The course of the disease is difficult to predict from the onset and varies greatly among patients. Therefore, various data sources have been used to identify prognostic factors and build multivariable predictive models for disease progression through statistical modelling and machine learning. The results of several recent systematic reviews show that there is a broad awareness of the relevance of the research question, which is reflected in the extensive literature and the many proposed prognostic models.7–9 Their common conclusion, however, is that most of the reviewed studies and respective models are at high risk of bias and lack external validation. A few methodologically well-conduced examples with low risk of bias exist, but these models show only weak accuracy.10–12 A related and even more complex research question arises from the field of personalized medicine and concerns the modification of treatment effects by predictive factors. Appropriate predictive models should support individualized treatment recommendations based on a patient’s characteristics. As a practical consequence, patients requiring effective treatment at an early stage could be identified, as well as patients with an expected mild disease course who may not be unnecessarily exposed to the risk of adverse effects.

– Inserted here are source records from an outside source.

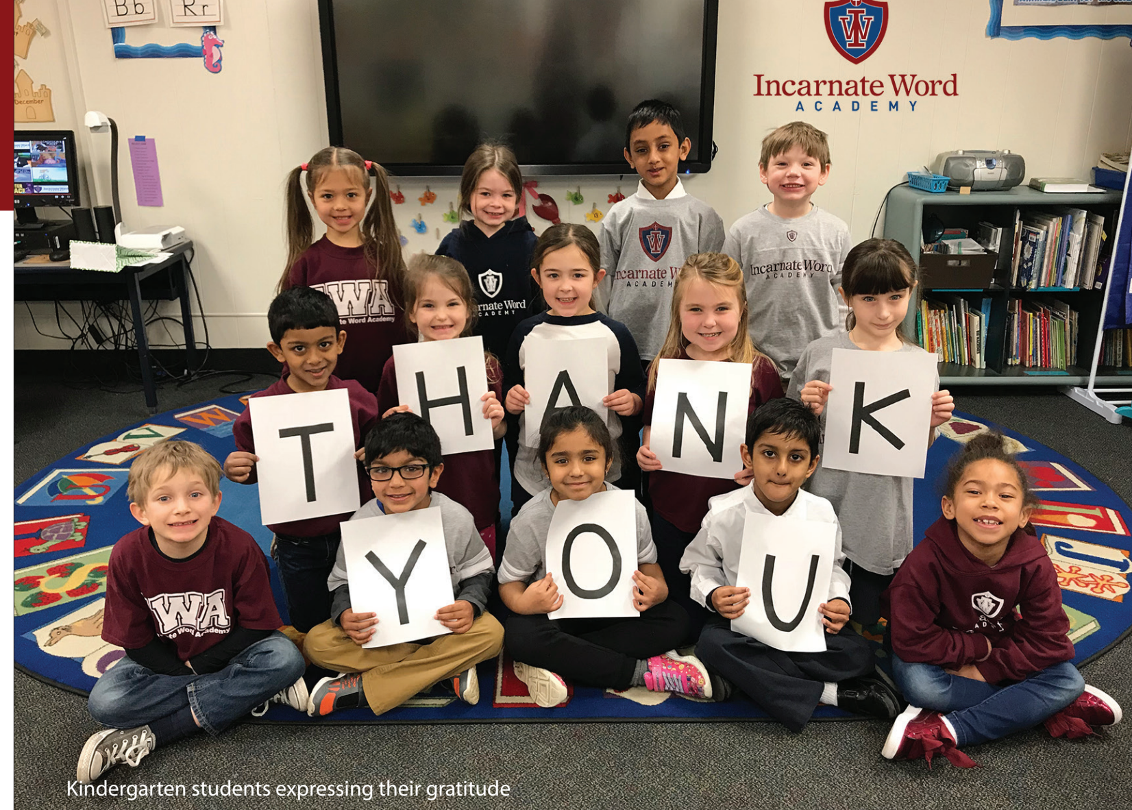
Kindergarten students expressing their gratitude
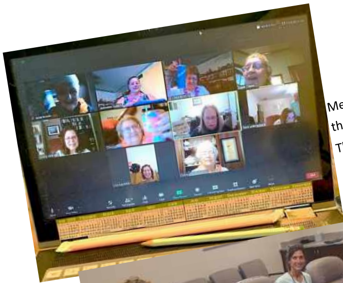
Members socializing during the Zoom Happy Hour on Thursday, June 9.
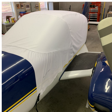
Wing Derringer Canopy Cover, test fit

This cover type is made from Silver Acrylic Sunbrella canvas and is 100% lined with a soft and smooth microfiber. Bruce's Custom Covers developed this material combination especially for aircraft protection. The outer material is medium weight and treated for water resistance, UV resistance and anti-static buildup. The inner lining is a very soft and smooth microfiber to prevent scratching. The material is very reflective, and tests show that the cabin interior temperature can be reduced to near-ambient temperature on the hottest of days. It is water, ice and snow repellent, yet breathable to allow moisture to escape from between the cover and the aircraft surface.
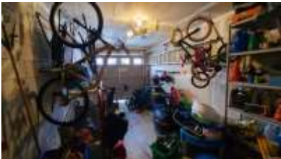
Pic. 7: Garage
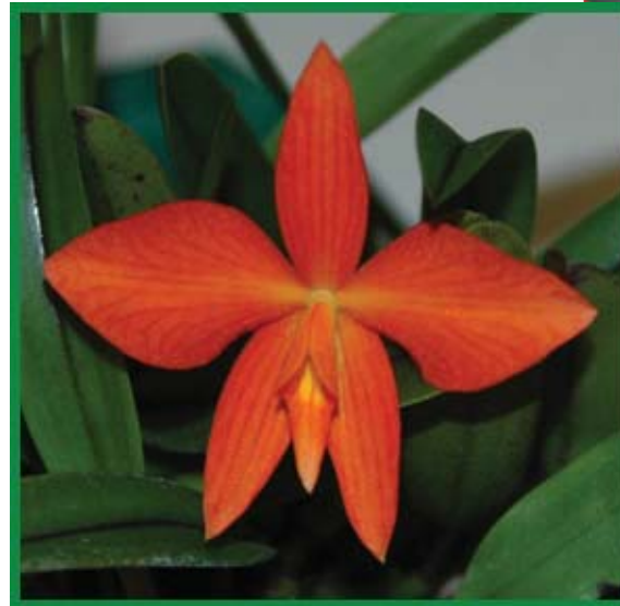
C. (Sophronitis) coccinea
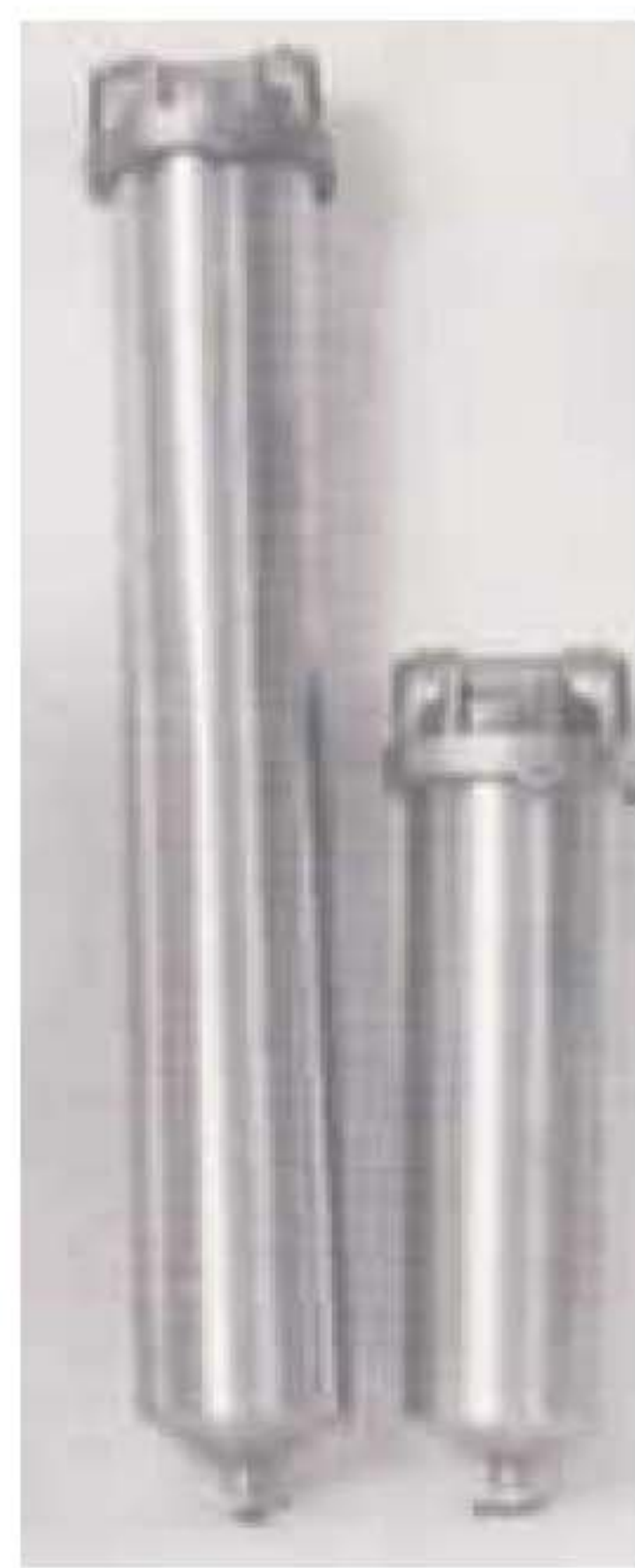
Model: SST-1 to 3

This retrospective monocentric cohort study (Retro-MS) was conducted to develop and internally validate a clinically relevant and individualized treatment decision score (Multiple Sclerosis Treatment Decision Score – MS-TDS) for newly diagnosed CIS and RRMS patients. The MS-TDS is supposed to support the treating physician and the patient in making an informed decision based on anticipated treatment success between no or platform medication. A further objective was to identify patient features from clinical, imaging and laboratory data that are predictive factors in this regard.
Methods
The Retro-MS cohort was formed from the routine care patients treated at the Department of Neurology at the Klinikum rechts der Isar of the Technical University of Munich (TUM) to create the MS-TDS by predictive modelling of existing multidimensional baseline data. The MS-TDS predicts the outcome of no new or enlarging T2-lesions13–16 in cerebral magnetic resonance images (cMRIs) of a newly diagnosed CIS or RRMS patient on platform or no medication between 6 and 24 months after their first cMRI using patient features collected at baseline. This outcome is considered to be a sensitive short-term surrogate of clinical disease activity observed in the long-term. 17 Baseline was defined as the first date of cMRI available or DMT start date, whichever occurred first. Patients were followed-up as long as they had eligible cMRI, which is defined as a cMRI acquired until 32 months after baseline or until the first cMRI acquired after 32 months.
Study population and sample
Patients treated at the TUM Department of Neurology at the Klinikum rechts der Isar during the years 2008–2017 were taken into account. They were diagnosed according to the 2005 and 2010 McDonald diagnostic criteria depending on the time point of diagnosis. They were all seen in the outpatient centre of the department in regular intervals, and clinical parameters related to disease activity and severity were recorded. To align the sample of Retro-MS with the study population of the ongoing prospective validation study ProVal-MS, 18 we applied the following selection criteria. Only patients diagnosed with CIS or RRMS earliest 3 years before and latest 1 month after their first cMRI were included. They also had to be previously untreated, including the possibility of a DMT no earlier than 6 months before their first cMRI. Thereby, a period of 6 months was considered as the run-in phase after which a medication becomes effective. 19 Patients with less than two cMRI images available or a difference of more than 32 months between their consecutive cMRI images were excluded. Patients whose data complied with the above rules were eligible for analysis. An illustration of these definitions is given in Figure 1 for an example patient.

Patient-level data progression for an example patient.
Platform medication included the following DMTs: Glatiramer acetate, Interferon-beta 1a and 1b, Peg-Interferon, Dimethyl fumarate and Teriflunomide. A total of 12 patients, who received a more active DMT (e.g. Alemtuzumab, Cladribine, Natalizumab, Mitoxantrone, Rituximab) as first medication, were excluded from analysis. Each interval between two consecutive cMRI dates was assigned one of the two treatment regimens of no medication or platform medication, depending on which was used for the majority of the time within that interval.
Data
Because Retro-MS is based on routine clinical data, the timings of clinical assessments were not under the control of the investigators. Many feature values were collected at baseline, that is, within a 6-month time window around the first date of cMRI or DMT onset. If any data or measurements existed during the 3-month period prior to this date, then the latest of those measurements was considered the baseline value. Otherwise, the earliest measurement within the 3-month period after this date was considered the baseline value (Figure 1). Standarized cMRIs were available from the beginning of 2009 until the end of 2017. Baseline data were collected from 2008 onwards and the outcome assessment was limited to until the end of 2017. The timeframes and definitions of the features included in the analysis were consented between the centres participating in the Retro-MS and ProVal-MS studies. Details are provided in Appendix 1.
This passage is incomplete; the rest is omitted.